▶ _Your instructions_
Under this line are the records; repeat exactly the lines starting at the one containing "- На первом" and ending at the one containing "6、作答完成后,点击底部【提交】,并进行人脸识别拍照;", omitting pictures.

▶ _Given records_

◆ ◆ ◆ ◆ ◆

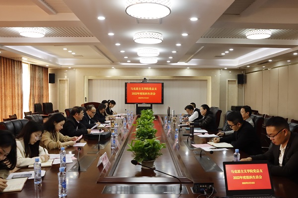 为深入学习贯彻党的二十大精神,坚持不懈用习近平新时代中国特色社会主义思想凝心铸魂,根据学校党委关于召开2022年度基层党组织组织生活会和开展民主评议党员的通知要求,马克思主义学院党总支于3月16日下午在行政楼七楼会议室召开了组织生活会。党委书记、督导专员胡涌,党委专职副书记、纪委书记黄志良,党委办公室、党委组织部负责人到会指导,马克思主义学院党总支班子成员、党员及群众代表参加会议。会议由马克思主义学院党总支书记聂火云主持。
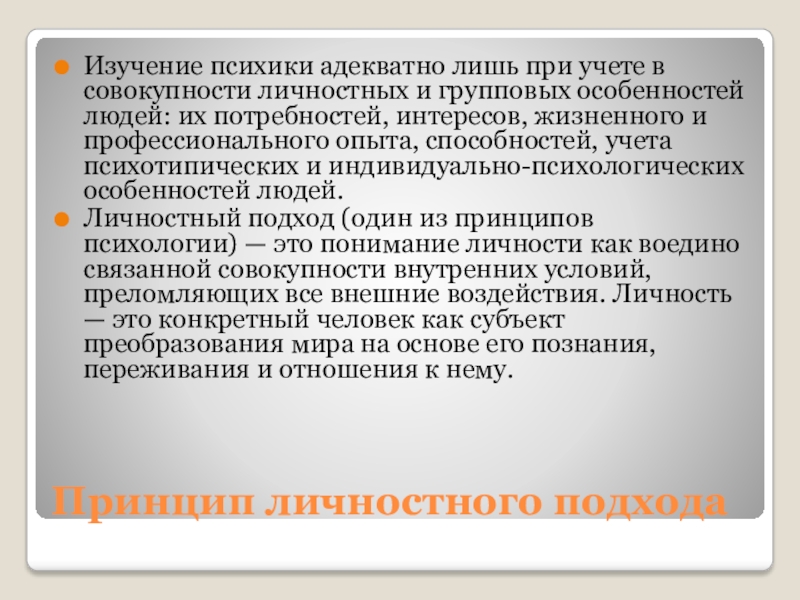Личностный подход (один из принципов психологии) — это понимание личности как воедино связанной совокупности внутренних условий, преломляющих все внешние воздействия. Личность — это конкретный человек как субъект преобразования мира на основе его познания, переживания и отношения к нему.
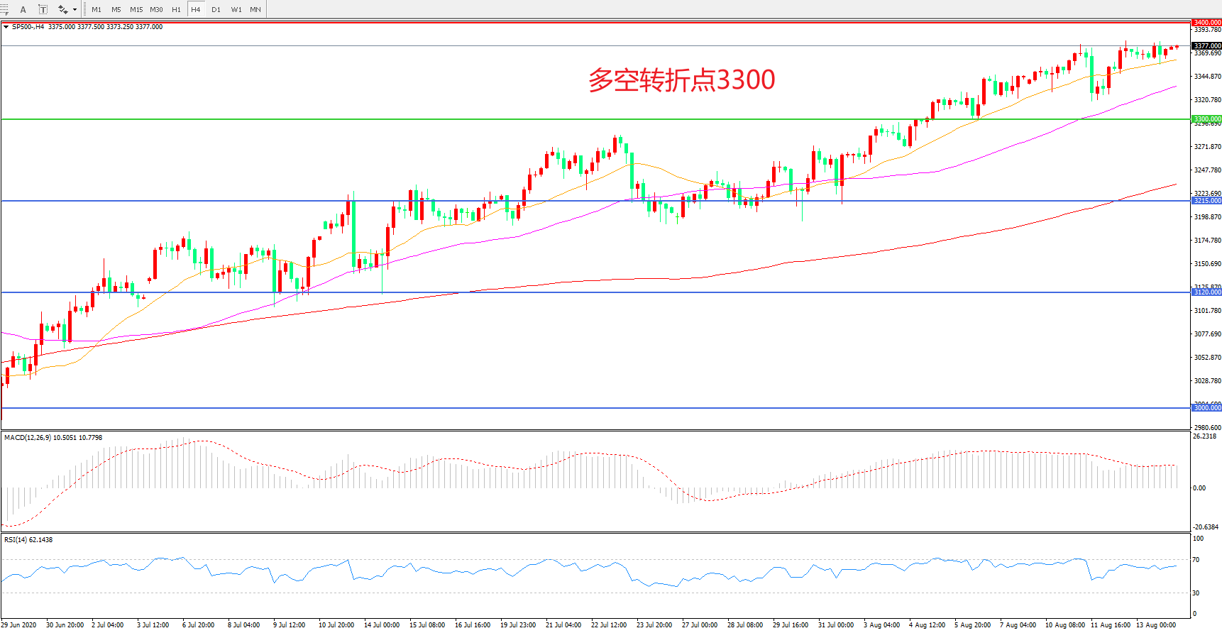 多空转折点:3300.00
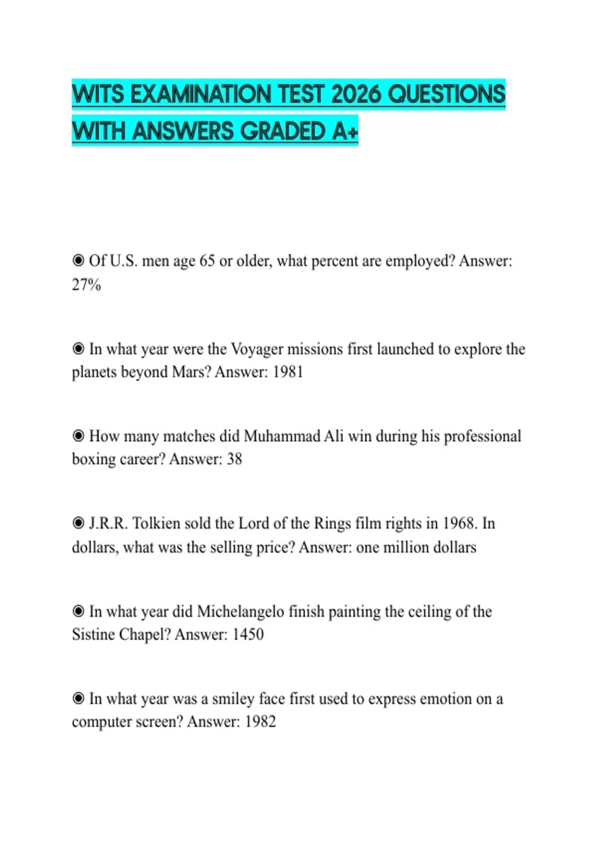 WITS EXAMINATION TEST 2026 QUESTIONS WITH ANSWERS GRADED A+
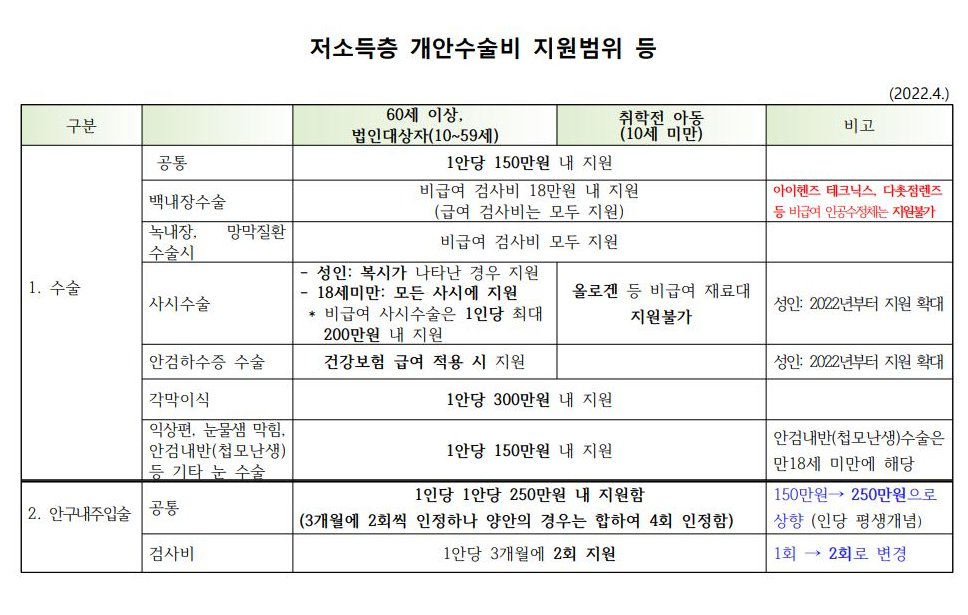 국민기초생활보장법에 따라 만 60세 이상의 저소득층 어르신을 대상으로 백내장 수술비, 사시수술, 각막이식, 안구내주입술 등 다양한 눈 수술비를 지원하고 있어요.
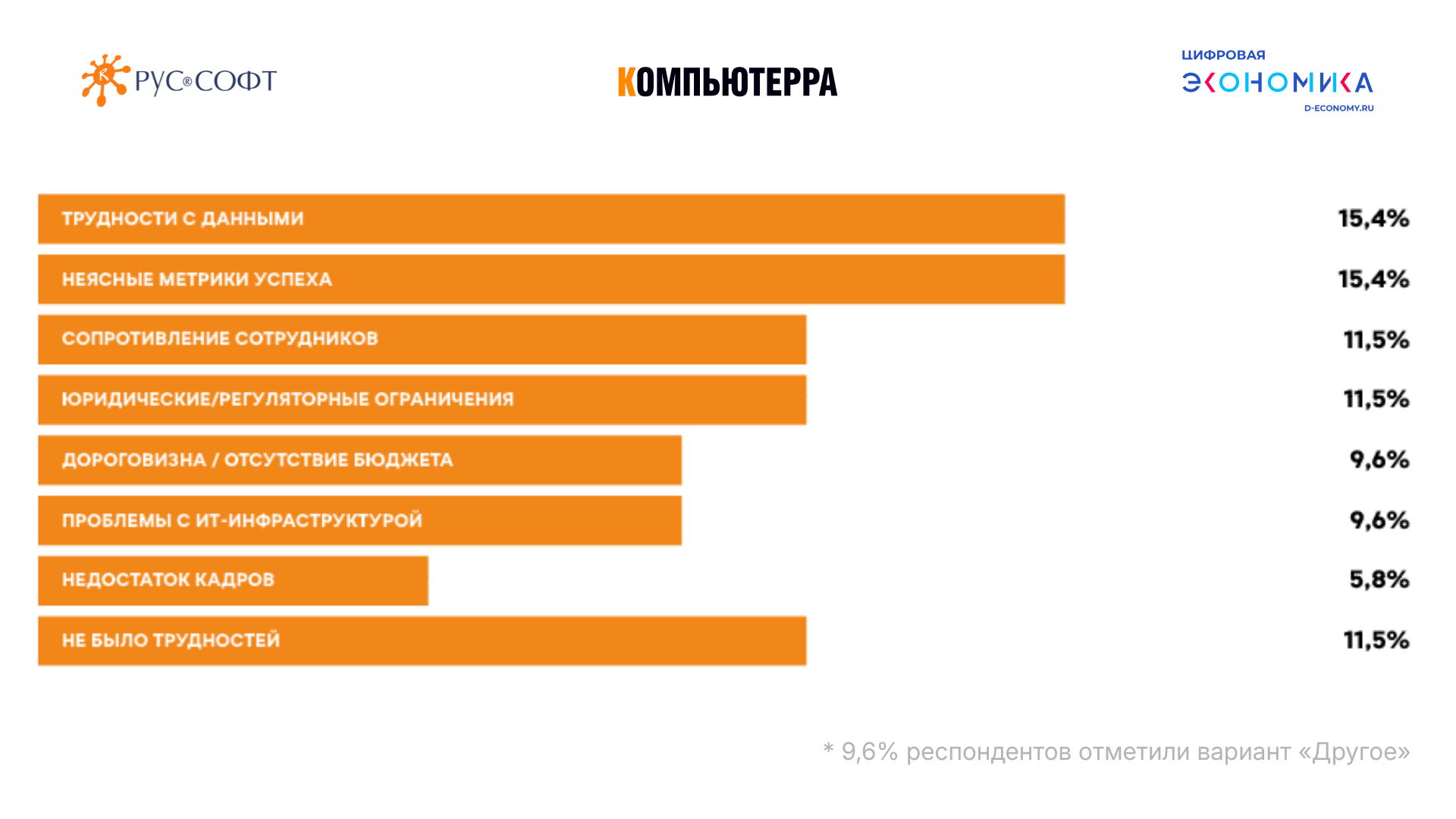 - На первом месте — проблемы с данными (15,4% кейсов): разрозненные источники, недостаточно чистые или неполные массивы, отсутствие единого формата и надежных механизмов актуализации. Эти трудности проявлялись и в коммерческих компаниях, и в ведомствах, особенно там, где накопленные данные создавались годами и не были предназначены для машинной обработки.
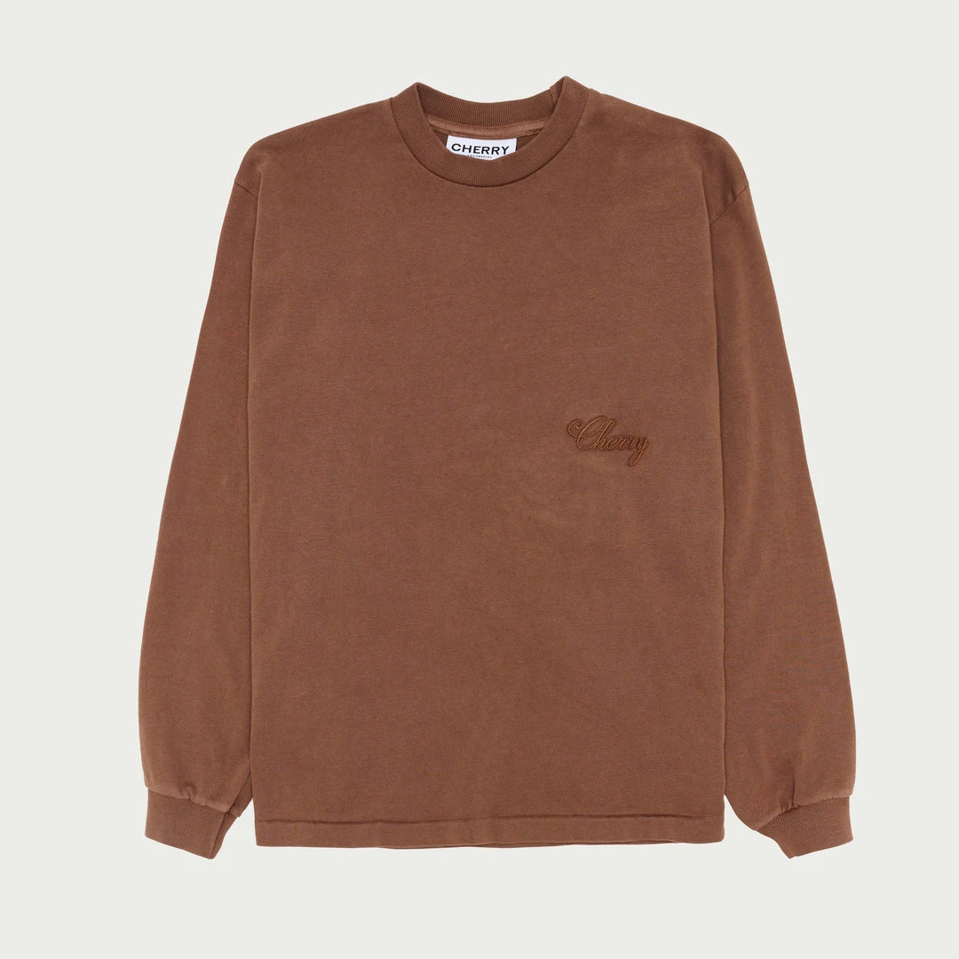 10oz USA 100% Cotton 2 ply. Long Sleeve Heavyweight T-Shirt. Garment dyed then washed for soft hand-feel. Embroidered on left ribcage.
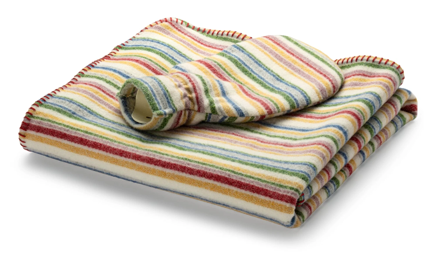 Niet alleen sinds Linus uit Peanuts weten we: Leven zonder eigen deken is mogelijk, maar ongemakkelijk.usedNet zoals Linus niet te vinden is zonder zijn knuffelhoekje, nestelt ook ons kroost zich graag in de zachte, verwarmende geborgenheid van een wollen dekentje: in de beginnende kilte van een zomeravond op het terras, op de bank tijdens een gezamenlijke gezinsavond, op bed tijdens het lezen en voorlezen en zelfs tijdens de reis, wanneer de frequentie van de vraag “Wanneer zijn we er?” afneemt en de zwaarte van de oogleden toeneemt.Deze kinderdeken is niet alleen qua afmetingen afgestemd op de jeugd, maar is vooral dankzij het natuurlijke materiaal het hele jaar door een metgezel: geweven van fijne merinowol is hij aangenaam warm en tegelijkertijd zo ademend en temperatuurregulerend dat misschien de persoon bij de zomerse tuinbarbecue, maar zeker niet uw kind, doorweekt raakt van het zweet. De deken van merinoswol is typisch robuust en slijtvast, en met stoïcijnse waardigheid en kalmte kan hij zelfs tegen een stootje als het laatste stukje wordt uitgetrokken om lekker tegenaan te kruipen. En last but not least zorgen de netjes gebonden randen ervoor dat de wollen deken zijn vorm en omlijsting behoudt.
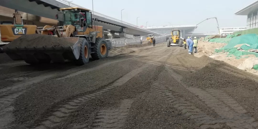7月2日,太原市政建設(shè)集團(tuán)有限公司太原南站東廣場(chǎng)配套路網(wǎng)工程龍堡路、規(guī)劃一路、F1路、F2路、貴賓小路、ABCDE匝道水穩(wěn)鋪設(shè)已全部完成。
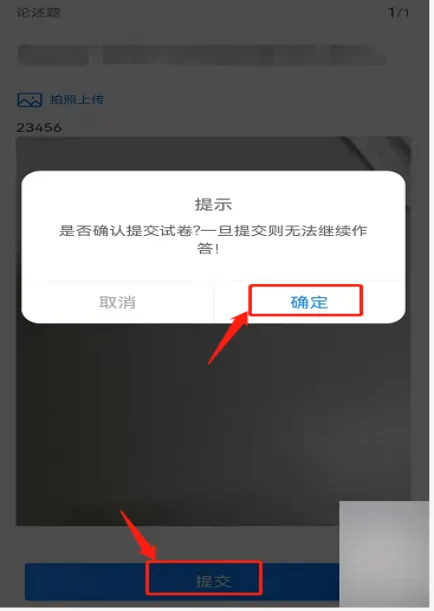 6、作答完成后,点击底部【提交】,并进行人脸识别拍照;
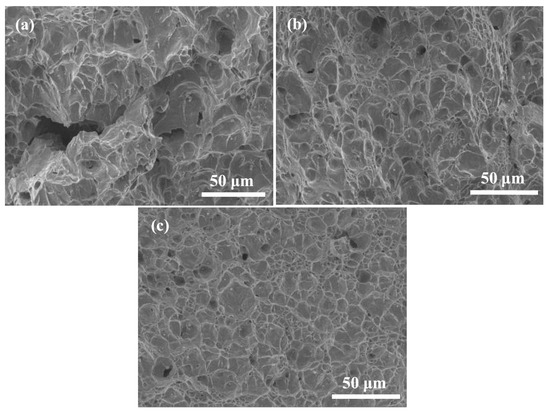 The impact energies of the 0#–2# experimental specimens are shown in Figure 8. It reveals that the impact energies of the three experimental specimens are gradually increased with the increase in Ce content. The impact energies of the 0# and 2# experimental specimens are 228 ± 7.3 J and 261 ± 10.7 J, respectively. In addition, the impact energy of the 2# experimental specimen is 14.5% larger compared with the 0# experimental specimen, which shows that the Ce element plays a positive role in improving the impact toughness of LDX2101 duplex stainless steel. Figure 9 shows the impact fracture morphologies of the 0#–2# experimental specimens. The fracture morphology of the 0# experimental specimen shown in Figure 9a is typical cleavage fracture with a low impact energy. Figure 9b,c show the fracture morphologies of the 1# and 2# experimental specimens, which reveal that the fracture morphologies of the 1# and 2# experimental specimens show a mixed fracture of cleavage fracture and dimple fracture. Simultaneously, the dimples on the fracture surface of the 2# experimental specimen are in larger number and more uniform compared with the 1# experimental specimen, which shows that the dimple fracture degree of the 2# experimental specimen is higher than the 1# experimental specimen. The above analysis results are consistent with the impact test results.

◆ ◆ ◆ ◆ ◆

▶ _Exercise result_
 - На первом месте — проблемы с данными (15,4% кейсов): разрозненные источники, недостаточно чистые или неполные массивы, отсутствие единого формата и надежных механизмов актуализации. Эти трудности проявлялись и в коммерческих компаниях, и в ведомствах, особенно там, где накопленные данные создавались годами и не были предназначены для машинной обработки.
 10oz USA 100% Cotton 2 ply. Long Sleeve Heavyweight T-Shirt. Garment dyed then washed for soft hand-feel. Embroidered on left ribcage.
 Niet alleen sinds Linus uit Peanuts weten we: Leven zonder eigen deken is mogelijk, maar ongemakkelijk.usedNet zoals Linus niet te vinden is zonder zijn knuffelhoekje, nestelt ook ons kroost zich graag in de zachte, verwarmende geborgenheid van een wollen dekentje: in de beginnende kilte van een zomeravond op het terras, op de bank tijdens een gezamenlijke gezinsavond, op bed tijdens het lezen en voorlezen en zelfs tijdens de reis, wanneer de frequentie van de vraag “Wanneer zijn we er?” afneemt en de zwaarte van de oogleden toeneemt.Deze kinderdeken is niet alleen qua afmetingen afgestemd op de jeugd, maar is vooral dankzij het natuurlijke materiaal het hele jaar door een metgezel: geweven van fijne merinowol is hij aangenaam warm en tegelijkertijd zo ademend en temperatuurregulerend dat misschien de persoon bij de zomerse tuinbarbecue, maar zeker niet uw kind, doorweekt raakt van het zweet. De deken van merinoswol is typisch robuust en slijtvast, en met stoïcijnse waardigheid en kalmte kan hij zelfs tegen een stootje als het laatste stukje wordt uitgetrokken om lekker tegenaan te kruipen. En last but not least zorgen de netjes gebonden randen ervoor dat de wollen deken zijn vorm en omlijsting behoudt.
7月2日,太原市政建設(shè)集團(tuán)有限公司太原南站東廣場(chǎng)配套路網(wǎng)工程龍堡路、規(guī)劃一路、F1路、F2路、貴賓小路、ABCDE匝道水穩(wěn)鋪設(shè)已全部完成。
 6、作答完成后,点击底部【提交】,并进行人脸识别拍照;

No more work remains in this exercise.